Retries & idempotency
Section titled “Retries & idempotency”The single most important rule: do not blindly retry a POST /v1/verify-nin* request on transient errors. Verification POSTs are not idempotent — every successful call mints a new transaction and debits a unit. A naive retry on a network blip will charge your wallet twice.
The right pattern:
| Outcome | Did a unit get charged? | What to do |
|---|---|---|
HTTP 2xx received with a reference_id | Yes | You’re done. Persist the reference_id. To “retry” (e.g. user pressed back and re-submitted), use POST /v1/verify-nin/requery with the same reference — it’s free and idempotent. |
HTTP 4xx (validation, 402, 403, 404) | No | The request never reached NIMC. Fix the client input and retry safely. |
HTTP 5xx or network failure / timeout | Maybe — the request may or may not have completed upstream | Do not retry blindly. Wait 30 seconds, then call /v1/verify-nin/requery with the reference you would have used. If your client never saw a reference, you can also list your recent transactions in the admin portal to confirm whether a charge landed. |
Re-queries (POST /v1/verify-nin/requery) and reads (GET /v1/me, GET /v1/nimc-reasons) are idempotent and safe to retry freely.

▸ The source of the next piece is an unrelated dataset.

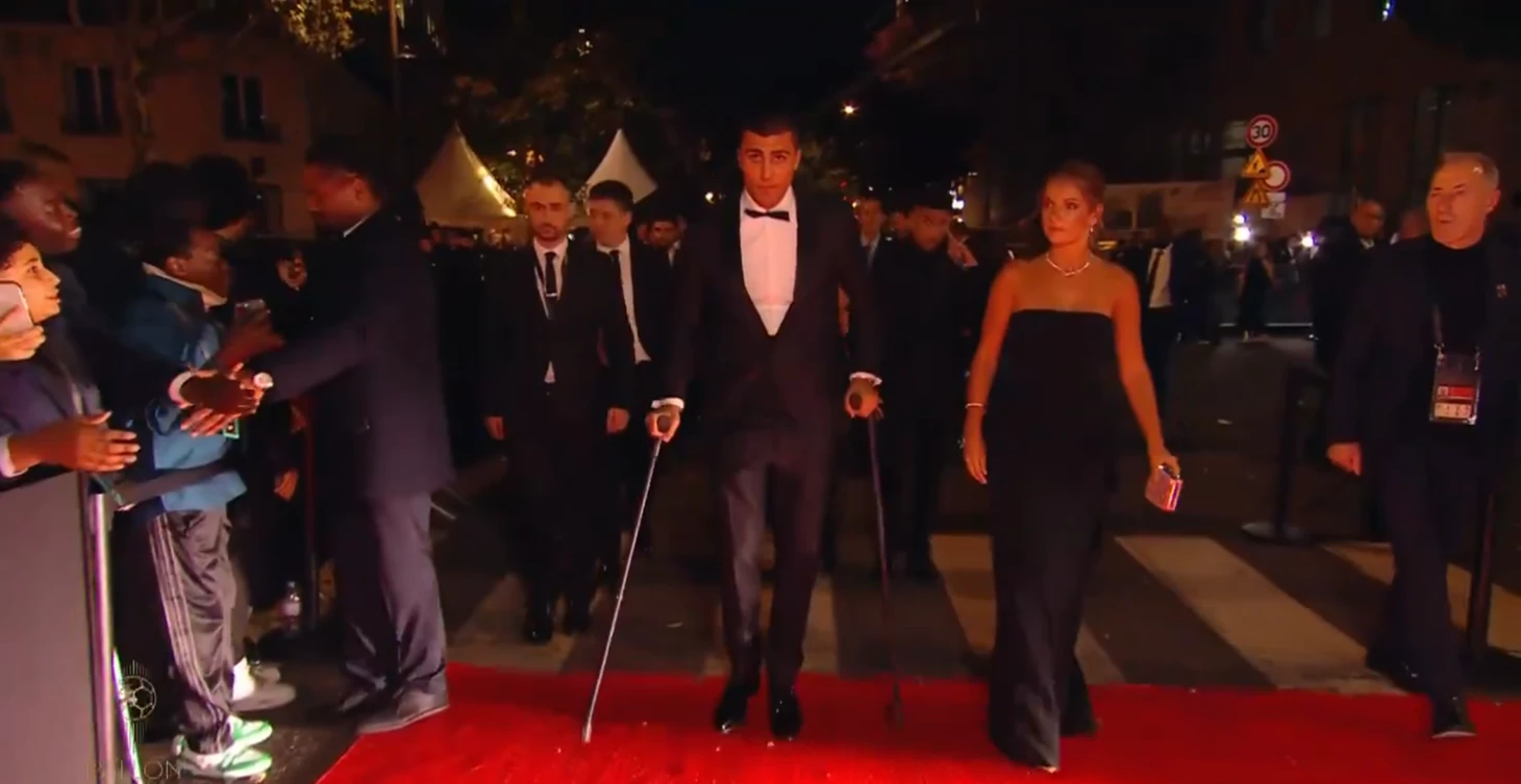 Родри прибыл на красную дорожку церемонии на костылях и дал комментарий.

Calling from your backend (CORS)
Section titled “Calling from your backend (CORS)”The RandaVerify API is meant to be called server-to-server, not directly from a customer’s browser. The CORS allow-list on api.randaverify.com is locked to the official RandaVerify domains; any Origin header from partner.com.ng (or any other domain) will be rejected by the preflight.
In practice:
- ✅ Your backend code (Node, Python, Go, PHP, whatever) calls our API directly. Bearer tokens stay server-side.
- ❌ Your frontend JavaScript should not call
api.randaverify.comdirectly. CORS will block it, and even if it didn’t, you would be leaking your bearer token to every visitor’s browser. - The right pattern: your frontend calls your backend, your backend calls ours. This also lets you cache, rate-limit, log, and apply your own business rules between the two.
If your customer-facing UI needs to surface verification results, fetch them on your backend, store the reference_id, and re-query from your backend later if the user revisits.